Our findings, showing main differences between ASD and TD children in the associations of looking behavior and EEG in theta and beta bands, prompted us to study a metric, typically used in ADHD research, Theta-Beta ratio (TBR)58,59,60, which measures an increase in theta power relative to a decrease in beta power. Indeed, TBR log-ratio was positively associated with RALDSocial,Toys for TD children across all scalp regions, while a negative association existed for ASD children across the posterior region. There has been evidence for use of TBR as a biomarker for ADHD, but the exact neural basis of the TBR is still poorly understood (see Lenartowitz, Loo58 and Jeste et al.61 for reviews). However, no previous research to our knowledge has looked into TBR as a measure of brain response to social/nonsocial stimuli, especially in children with autism. Interestingly, it is estimated that 37–85% of the ASD population has comorbid ADHD62. While both disorders involve disruptions in attention, individuals with ADHD show more pronounced deficits in sustained attention than those with ASD63,64. Since TBR is atypical in both ADHD and ASD, we may be probing attentional brain circuitry that is commonly disrupted in both disorders. More work is needed to understand the similarities and differences in brain functioning and attentional behaviors between ASD and ADHD participants.

Previous research has studied EEG activity during social and nonsocial videos in clinical trials for children with ASD. In a study comparing a TD group and two behavioral intervention models (Early Start Denver Model9 and community intervention), Dawson et al.27 reported increased log-ratio (Faces vs. Objects) theta power in the TD group as well as the ESDM group, while the opposite pattern was observed in the group that received community intervention. In the present study we found that, for the TD group, increased theta power during the social stimulus and log-ratio (Social vs. Toys) was associated with increased preference to social videos, consistent with Dawson’s findings in the TD and ESDM groups. Increases in theta power have been implicated in the allocation of greater attentional and cognitive resources27. Furthermore, Murias et al.35 found that higher baseline beta power was predictive of changes in the Vineland Socialization subscale score in an open-label trial testing the efficacy of umbilical cord blood for children with ASD. It is clear from these studies that theta and beta power are viable, modifiable biomarkers for ASD, and the current results provide additional evidence that these brain markers are associated with the ability to sustain attention, which involves development of inhibitory and executive functioning skills. Data shows that there is similar association in ASD children in our study (log-ratio of beta power increases as engagement in social stimulus increases), while this pattern is not showing up in TD children. This supports the idea that ASD and TD children process social and nonsocial stimuli differently, and combining behavioral and EEG data is a way to reveal this difference.
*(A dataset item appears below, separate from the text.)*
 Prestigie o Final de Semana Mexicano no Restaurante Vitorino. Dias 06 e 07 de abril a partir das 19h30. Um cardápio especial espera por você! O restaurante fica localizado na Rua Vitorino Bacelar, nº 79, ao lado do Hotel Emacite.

A potential weakness in our study was the fact that TD and ASD groups differed not only in terms of an ASD diagnosis but also in cognitive ability and sex distribution, with the ASD group having a mean lower IQ and more male participants compared to the TD group. All results accounted for this group difference by including IQ and sex as covariates. However, future work should include comparisons between groups with similar cognitive ability and sex distribution. In addition, the study used a relatively small sample size which limited statistical power; nevertheless, many findings were still robust enough to be statistically significant.
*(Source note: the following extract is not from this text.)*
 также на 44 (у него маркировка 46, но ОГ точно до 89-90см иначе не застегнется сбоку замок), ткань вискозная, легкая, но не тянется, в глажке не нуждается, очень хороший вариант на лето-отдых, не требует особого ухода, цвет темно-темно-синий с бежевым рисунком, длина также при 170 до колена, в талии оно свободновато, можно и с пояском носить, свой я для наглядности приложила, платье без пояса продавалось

In the presented work we proposed a method to analyze looking behavior during synchronized spontaneous EEG recording. We showed that the measures of looking behavior that incorporate not only total attention time but also average look duration, differentiate between children with TD and ASD and are associated with differential patterns of EEG activity, which differ in children with ASD and TD. Future work will aim at combining this measure with EEG signal features for improving assessment of autism spectrum disorder.